The electronic version of this article is the complete one and can be found online at: http://www.biomedcentral.com/1471-2164/14/98


Received:4 June 2012
Accepted:31 January 2013
Published:12 February 2013

© 2013 Du et al.; licensee BioMed Central Ltd.

This is an Open Access article distributed under the terms of the Creative Commons Attribution License (http://creativecommons.org/licenses/by/2.0), which permits unrestricted use, distribution, and reproduction in any medium, provided the original work is properly cited.

Abstract

Background

Most studies on the origin and evolution of microRNA in the human genome have been focused on its relationship with repetitive elements and segmental duplications.

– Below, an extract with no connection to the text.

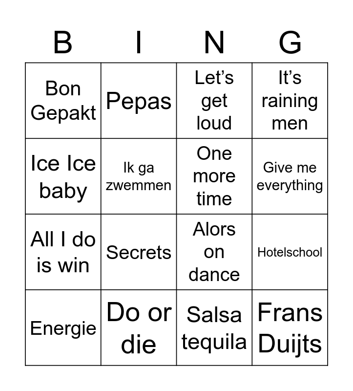 This bingo card has 16 words: Do or die, Hotelschool, Let’s get loud, Bon Gepakt, All I do is win, Pepas, Alors on dance, Salsa tequila, Ice Ice baby, Ik ga zwemmen, Energie, It’s raining men, Secrets, Give me everything, One more time and Frans Duijts.

However, duplication events at a smaller scale (<1 kb) could also contribute to microRNA expansion, as demonstrated in this study.

Results

Using comparative genome analysis and bioinformatics methods, we found nine novel expanded microRNA families enriched in short duplicated sequences in the human genome. Furthermore, novel genomic regions were found to contain microRNA paralogs for microRNA families previously analyzed to be related to segmental duplications. We found that for microRNA families expanded in the human genome, 14 families are specific to the primate lineage, and nine are non-specific, respectively. Two microRNA families (hsa-mir-1233 and hsa-mir-622) appear to be further expanded in the human genome, and were confirmed by fluorescence in situ hybridization. These novel microRNA families expanded in the human genome were mostly embedded in or close to proteins with conserved functions. Furthermore, besides the Alu element, L1 elements could also contribute to the origination of microRNA paralog families.

Conclusions

Together, we found that small duplication events could also contribute to microRNA expansion, which could provide us novel insights on the evolution of human genome structure and function.

Keywords:
Human; Genome; microRNA; Duplication; Evolution

Background

Although only ~22 nucleotides long, microRNA are vital to the developmental process of animals and plants through post-transcriptional gene regulation. The efficiency of microRNA transcription and stability is regulated in a tissue-specific manner [1-4]. After processing from precursor microRNA molecules, single-stranded microRNA can bind to 3'-UTR of messenger RNA via its seed region, in turn affecting mRNA translation or stability [1,5]. When aberrantly expressed, microRNA can lead to the progression of certain diseases [6,7]. They also participate in pathogen-host interaction [8], and exert systemic effects through intercellular trafficking [9]. Due to its significant roles in a wide variety of biological processes, genome evolution of microRNA structure and function have been studied extensively [1,2,10-18].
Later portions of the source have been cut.